Semoga tidak berat hisabnya kelak.
Terimakasih kalau sudah mau membeli jualan nenek.
Tapi jangan beri jariah pada nenek ya nak.
Karena nenek masih dikuatkan Alloh untuk mencari nafkah. Nenek masih mampu. Nenek bukan fakir miskin. Masih mampu bekerja dan berusaha. Jadi beli dan bayar sesuai yang dibeli saja ya nak. Jangan lebihkan satu rupiah pun. ” Demikian kata kata nenek syamsiar dengan tubuh yang susah setengah membungkuk, jalan agak tertatih.
Hatiku bergetar, Alloh Ta’ala telah menampar.
Malu aku, sungguh. Malu. Ini pembuktian Alloh Taala, bahwa derajat hamba, tidak ditentukan dari jabatan, pangkat, kekuasaan dan hartanya. Tapi sejauh mana, nilai keimanan dan ketaqwaan itu tertanam di hati hambaNya.
Dan aku sungguh ‘ merasa’, lebih rendah derajatnya dari pada Nenek Syamsiar.
Karena betapa banyak perilakuku dan perilaku kita, yang masih rela mengharap dari manusia, daripada berharap pada Alloh.
Tuhan hanya ada saat kita dalam kesulitan.
Kala rasa senang dan bahagia, Tuhanpun kita lupakan.
Kita lebih senang menerima, bahkan mencari orang yang mau memberi kita. Karena jabatan, pangkat dan kekuasaan kita.
Bahkan jika perlu, ‘mengambil paksa’, yang bukan merupakan hak kita. Karena kita ‘ merasa’ berkuasa. Karena kita punya kekuatan, power, untuk melakukan itu semua.

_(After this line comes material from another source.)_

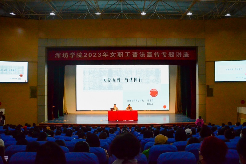 本网讯 3月30日下午,学校工会主办、政法学院承办的女教职工普法知识宣传月专题讲座在图书馆报告厅举行,政法学院张玮玲副教授给女教工代表做了《关爱女性,与法同行》专题讲座,受到老师们的热烈欢迎。
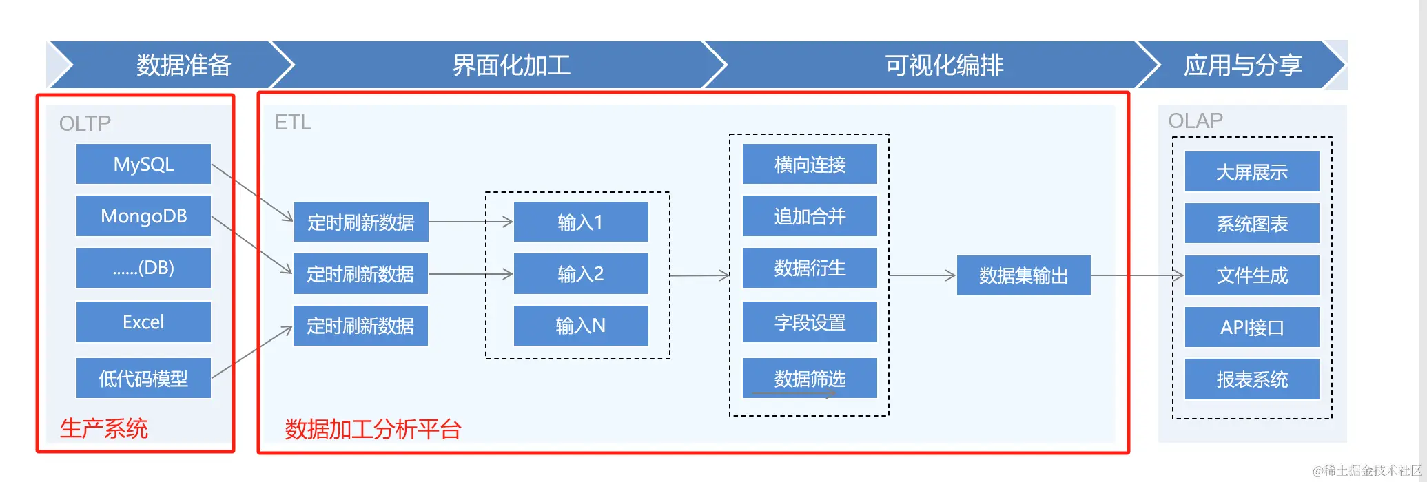 数据应用的基本流程大致分为三个步骤,数据的集成接入(多种数据源)、数据的清洗加工(关联、筛选、分组聚合等),最后再是数据的应用(数据报告、趋势图表、大屏展示、统计报表等)。

Kita masih rela menghamba pada dunia, sadar ataupun tidak.
Lalu masih menganggap pantas, mengharap surga dan berkah?
Suatu saat kita akan tersadar, bahwa berjualan camilan, sendal jepit dan payung kumuh adalah harta termahal yang mampu menyelamatkan kita kelak.
Ketimbang gelar berderet, jabatan dan kekuasaan yang besar, harta yang berlimpah. Tapi jauh dari berkah. Karena tidak memberi manfaat dan mendapatkannya dengan cara maksiat. Dan diyaumil hisab, semua yang kita banggakan, kita agungkan, kita kejar di dunia, malah berbalik menjadi penjerumus diri dalam neraka jahanam.
Naudzubillahi min dzalik
Ingat.
Ada Hisab. Ada hisab. Ada hisab
Sungguh jiwa nenek syamsiar adalah jiwa iman
jiwa yang selalu tegak. Langkah hatinya tegap.
Jiwa yang tak faqir. Jiwa yang besar oleh syukur.
Karena dia melangkah dengan LANGKAH IMAN.
Terimakasih nenek syamsinar atas ikhtibarnya
Terimakasih ya Alloh,
Engkau telah ‘tampar’ diriku melalui beliau. Nenek Syamsinar.